Nostrils two pairs, more or less within the mouth; limbs with an axial skeleton. Lungs and gills. Skeleton notochordal. No branchiostegals.[38]
First Family—Sirenidæ.
Caudal fin diphycercal; no gular plates; scales cycloid. A pair of molars, above and below, and one pair of vomerine teeth.
Lepidosiren.—Body eel-shaped, with one continuous vertical fin. Limbs reduced to cylindrical filaments, without fringe. Vomerine teeth conical, pointed. Each dental lamina or molar with strong cusps, supported by vertical ridges. No external branchial appendages; five branchial arches, with four intervening clefts. Conus arteriosus with two longitudinal valves. Ovaries closed sacs.
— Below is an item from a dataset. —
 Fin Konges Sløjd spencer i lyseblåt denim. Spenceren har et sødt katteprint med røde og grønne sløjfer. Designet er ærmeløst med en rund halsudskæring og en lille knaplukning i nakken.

One species only is known from the system of the River Amazons (L. paradoxa). It must be very locally distributed, as but a few specimens have been brought to Europe, and all recent endeavours to obtain others have been unsuccessful. Natterer, by whom this most interesting fish was discovered, states that he obtained two specimens, one on the Madeira River, near Borba; the other in a backwater of the Amazons, above Villa Nova. The natives of the former place called it Carámurú, and considered it very scarce. The larger individual was nearly four feet long. It is said to produce a sound not unlike that of a cat, and to feed on the roots of mandioca and other vegetables. But, to judge from the dentition, this fish is much more likely to be carnivorous, like the following. It is one of the greatest desiderata of Natural History Collections.
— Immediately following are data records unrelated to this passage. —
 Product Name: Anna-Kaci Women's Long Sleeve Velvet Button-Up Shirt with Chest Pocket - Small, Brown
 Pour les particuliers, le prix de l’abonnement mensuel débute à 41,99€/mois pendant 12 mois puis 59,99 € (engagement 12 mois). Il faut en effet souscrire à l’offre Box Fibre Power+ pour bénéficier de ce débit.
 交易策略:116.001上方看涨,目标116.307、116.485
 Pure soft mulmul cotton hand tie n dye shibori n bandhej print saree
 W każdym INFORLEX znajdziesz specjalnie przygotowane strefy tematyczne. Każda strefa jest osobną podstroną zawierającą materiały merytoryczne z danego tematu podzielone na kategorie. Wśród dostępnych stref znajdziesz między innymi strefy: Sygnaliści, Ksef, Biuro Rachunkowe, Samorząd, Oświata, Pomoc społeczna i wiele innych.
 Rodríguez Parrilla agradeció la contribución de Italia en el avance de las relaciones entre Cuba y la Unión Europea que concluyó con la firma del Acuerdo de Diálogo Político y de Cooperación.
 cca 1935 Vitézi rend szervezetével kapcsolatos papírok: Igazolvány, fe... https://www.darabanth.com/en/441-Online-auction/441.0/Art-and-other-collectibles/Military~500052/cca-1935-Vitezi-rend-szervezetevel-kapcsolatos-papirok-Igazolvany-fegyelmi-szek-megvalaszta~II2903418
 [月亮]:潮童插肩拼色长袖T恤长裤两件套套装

[Natterer, “Annalen des Wiener Museum’s,” 1839, ii.; Bischoff. “Annales des Sciences Naturelles,” 1840. xiv.]
Protopterus.—Very similar in the general form of the body and dentition to Lepidosiren. Pectoral and ventral filaments with a fringe containing rays. Three small branchial appendages above the small gill-opening; six branchial arches, with five intervening clefts. Conus arteriosus with two longitudinal valves. Ovaries closed sacs.
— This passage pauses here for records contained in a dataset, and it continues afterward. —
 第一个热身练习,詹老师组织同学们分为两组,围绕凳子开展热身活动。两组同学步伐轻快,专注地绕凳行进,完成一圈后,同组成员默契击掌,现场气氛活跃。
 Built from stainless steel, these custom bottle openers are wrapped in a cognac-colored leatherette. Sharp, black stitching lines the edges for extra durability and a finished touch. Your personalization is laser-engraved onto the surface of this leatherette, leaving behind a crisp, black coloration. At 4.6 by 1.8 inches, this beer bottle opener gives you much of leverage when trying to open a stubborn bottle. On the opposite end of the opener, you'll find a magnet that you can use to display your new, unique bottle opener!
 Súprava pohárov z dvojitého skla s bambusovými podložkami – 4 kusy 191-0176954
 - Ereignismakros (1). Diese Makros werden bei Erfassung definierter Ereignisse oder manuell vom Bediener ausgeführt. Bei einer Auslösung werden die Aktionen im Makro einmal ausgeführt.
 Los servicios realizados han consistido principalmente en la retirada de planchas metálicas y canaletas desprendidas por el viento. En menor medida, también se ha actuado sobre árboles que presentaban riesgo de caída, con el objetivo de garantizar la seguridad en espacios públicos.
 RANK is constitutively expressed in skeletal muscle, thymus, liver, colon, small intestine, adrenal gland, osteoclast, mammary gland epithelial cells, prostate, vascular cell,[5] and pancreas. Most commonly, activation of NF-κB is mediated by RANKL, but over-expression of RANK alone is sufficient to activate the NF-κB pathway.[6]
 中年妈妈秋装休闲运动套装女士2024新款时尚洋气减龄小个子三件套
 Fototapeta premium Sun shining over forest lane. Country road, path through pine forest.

Protopterus annectens is the “Lepidosiren” which is commonly found in Zoological collections. It is usually imported from the west coast of Africa, where it abounds in many localities; but it is spread over the whole of tropical Africa, and forms in many districts of the central parts a regular article of food.
Fig. 138.—Protopterus annectens. g, Branchial filaments; v, vent.